- Relative to its actions to date, the European Central Bank (ECB) is demonstrating much more flexibility when it comes to distribution of its purchases across asset classes and in regards to the capital key.1
- It is notable that the ECB’s final sentence in the PEPP statement was, “The ECB will not tolerate any risks to the smooth transmission of its monetary policy in all jurisdictions of the euro area.”
- The ECB is in “do whatever it takes mode.” We believe it will eventually succeed.
Like everywhere else, Europe needs liquidity. And the ECB is delivering that in abundance. It appears to stand ready to do more without delay when markets become dysfunctional.
The ECB is effectively monetizing the debt that will be necessary to help bridge the cash-flow gap resulting from governments "freezing" their economies. Fiscal policy is also stepping in with liquidity buffers to help individuals and businesses to bridge this gap. We acknowledge that there could be missteps with some individuals and businesses falling through the safety net. But the “lender of last resort” restores order by promising sufficient liquidity. That is the goal of the ECB and it is delivering.

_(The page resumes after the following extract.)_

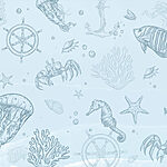 Ταπετσαρίες Γκρι φόντο με θαλάσσια πλάσματα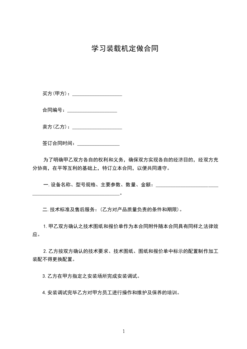 学习装载机定做合同

Big spender: a breakdown of ECB buying programs
We estimate ECB asset purchases through 2020 will be approximately €1.06 trillion, with reinvestments around another €220 billion. We don’t know which program the ECB is using for its purchases—but it is buying. Here is the breakdown:
ECB Asset Purchase Programs (APP):
- ECB Quantitative Easing (QE) Version 2: €20B/month. The program started November 2019 and will continue “for as long as necessary.”
- QE “Envelope”: €120B. This facility was announced March 12, 2020, and could last at least until December 2020. It could be deployed flexibly in terms of time and assets to address market dysfunctions. It will have a strong focus on buying private assets in the short term.
- PEPP (Pandemic Emergency Purchase Programme): €750B. It will run from March 26, 2020, until at least December 2020 or until COVID-19 ends. It can be deployed flexibly, and will terminate once the ECB judges that the COVID-19 crisis is over. It will not be subject to the 33% issuer limit; Greek government bonds are eligible securities under this scheme.
The ECB also has Optional Rescue Plans that it has not enacted. But given its recent actions and tone, we would not be surprised to see these facilities put into effect at some point.
Tom Fahey, Senior Global Strategist, Co-Director of Macro Strategies
Marianne Winkelman, Director of Global Bond, EM & FX Trading
Robyn Wilkin, Fixed Income Trader
Valerie Miles, CFA, Fixed Income Trader
1Capital Key: The capital of the ECB comes from the national central banks (NCBs) of all EU Member States. The NCBs’ shares in this capital are calculated using a key which reflects the respective country’s share in the total population and gross domestic product of the EU.